Forum Moderators: Robert Charlton & goodroi
just checked my webmaster tools, and I saw that my site is listed as having all its content listed as USASCII... Surprise surprise..
Its a very valid XHTML 1.0 Transitional site. At least according to w3 org.
But, my header has utf-8 in lower case.
And G itself has UTF in capitals.
Who is to blame here? And would there be any side effects to this? At the moment not, looking at the traffic G sends...
I saw that my site is listed as having all its content listed as USASCII
What does your server header say for character encoding? Not the meta tag in the html source code, but the http header sent from the server? These two should agree, but when they do not the higher priority is the http header.
As far as case goes, I'm not aware that it's an issue - I see it both ways in the server header, but Google probably uses upper case as the standard for their reporting.
Checked a few others, on the same hoster and another hoster, and they give the same, just text/html
And there the webmaster tools give the correct character set, in that case windows-1252 (in header of actual page)
I think its a bug. A real Google bug. The bot doesn't understand lower case utf... or webmaster tools doesn't report correctly.
Unless a lower case utf-8 as language descriptor is not valid.
In that case, w3 has a bug in their validation.
Anyway, I changed things to uppercase.
Would be nice to know if other webmasters have the same.
Get those server response headers in shape, correct the HTML meta-tags if you use them, and then see if this "case error" goes away.
For Apache, see AddType and AddCharset in mod_mime.
Jim
Checked a few other sites, even with windows-1252, also listed totally as US-ASCII.

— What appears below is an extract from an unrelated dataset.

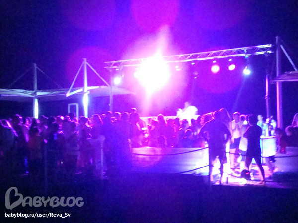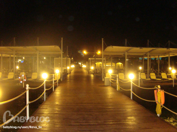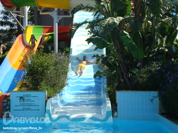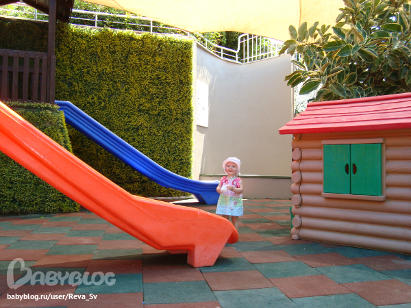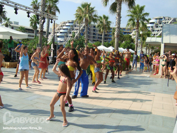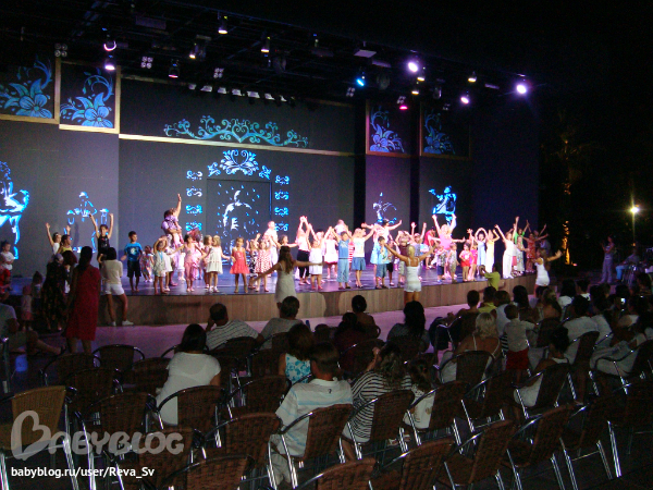 Отдельно выделена территория для времяпровождения с детьми или детей без взрослых. Она закрыта со всех сторон, дети оттуда не убегут физически, сверху натянут разноцветный большой тент, а двери открываются исключительно по нажатию кнопки, расположенной очень высоко (даже я на цыпочках доставала). Детский клуб работает с 10 до 23. Внутри столовая со своим поваром, т.е. обедать дети могут там же. Блюда деткого стола и пюрешки. Бассейн двухуровневый с водными горками, игровая территория на улице покрыта искусственным нескользящим покрытием под травку, горки, канаты, качели, «лазалки», домики и прочие детские аттракционы. Внутри помещения находится комната для малышек, где есть развивающие коврики, кроватки-люльки. Вся остальная территория – столы для рисования, лепки и т.п., сухой бассейн, ролевые игры типа магазин, кухня… Каталки, качалки, пластиковые горки. Работает климат-контроль. Есть туалетные комнаты и где поспать. Есть относительно большой кинотеатр, где показывают мультики на разных языках. За порядком следят несколько аниматоров, охрана, спасатели. Услуги няни платные. Аниматоры в течение дня разучивают с детьми танцы, песенки, готовят театральное шоу, а вечером на детской дискотеке все это демонстрируется родителям. Детская дискотека проводится на основной сцене перед анимационной программой. В темное время суток территория освещается фонарями и практически все деревья с красивой подсветкой.
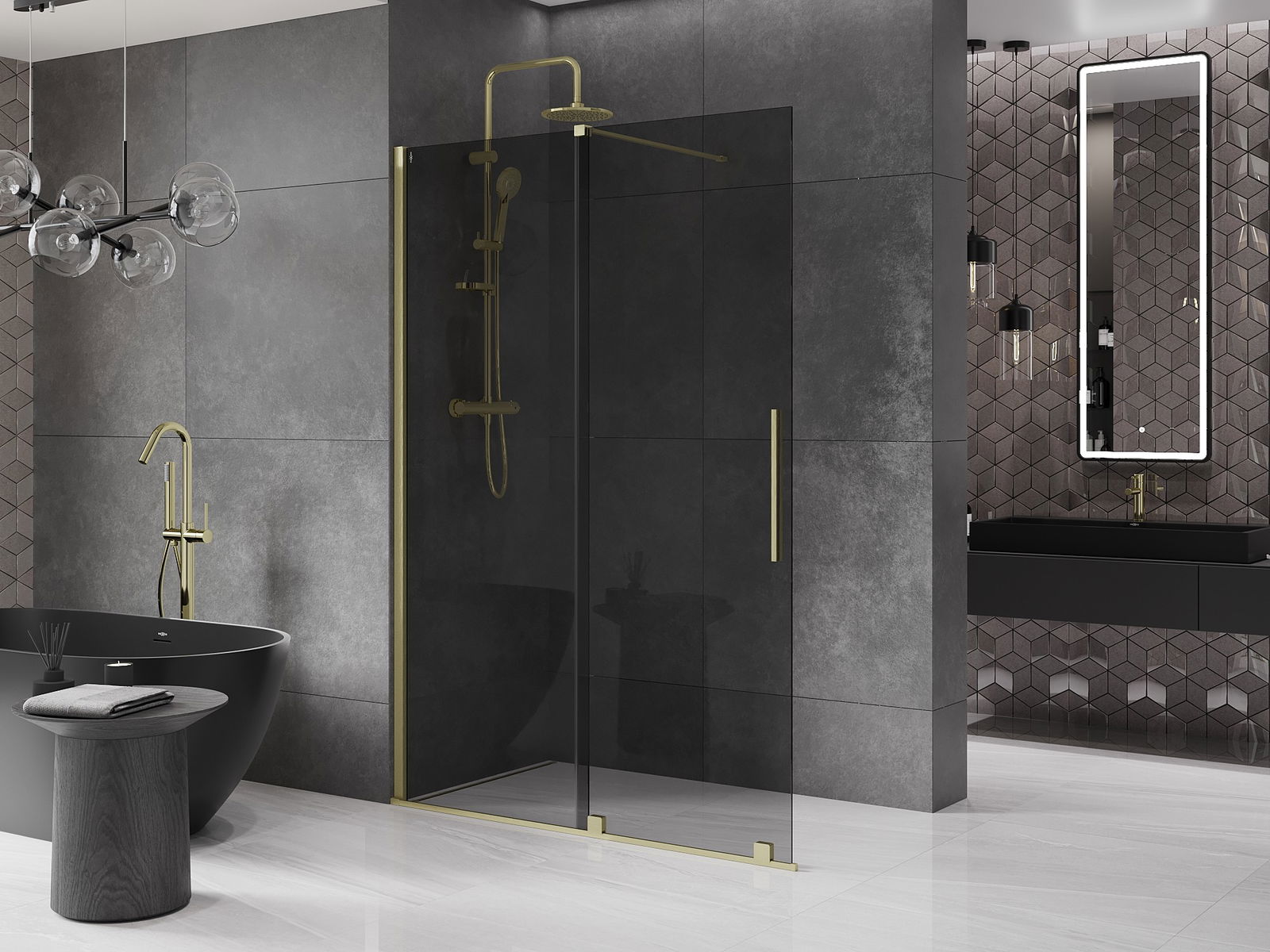 Mexen Velar Paroi de douche coulissante Walk-in 160 x 200 cm, graphite 8 mm, or brossé - 871-160-000-43-55

A phpbb3 forum, ALL of its page are in UTF-8 (uppercase), and there the webmaster tools report about 70% in US-ASCII, and 29% in UTF-8 and 1% unknown...
I am seeing ghosts ?
[edited by: Gede at 10:36 pm (utc) on Aug. 22, 2008]
application/xhtml+xml
I hate to correct jdMorgan, but neither Internet Explorer nor Googlebot understand this mime type, so you should absolutely stick to
text/html even if you are using XHTML. You may be right about this being a bug, as using lower-case (utf-8) should be accepted. However, I've not done any analysis so I can't say this with any degree of certainty. What's more, I always use upper-case so I don't have a test case to compare.
Is your content really UTF-8, in that you are using at least some double-byte characters in your content, or are you using English with nothing outside the US-ASCII range?
Googlebot has no problems indexing the site, as far as I can see, and the site does well enough.
I have requested the hoster to make changes so the site is correctly served, and if they don't want to make changes, I'll put it in the header myself with php.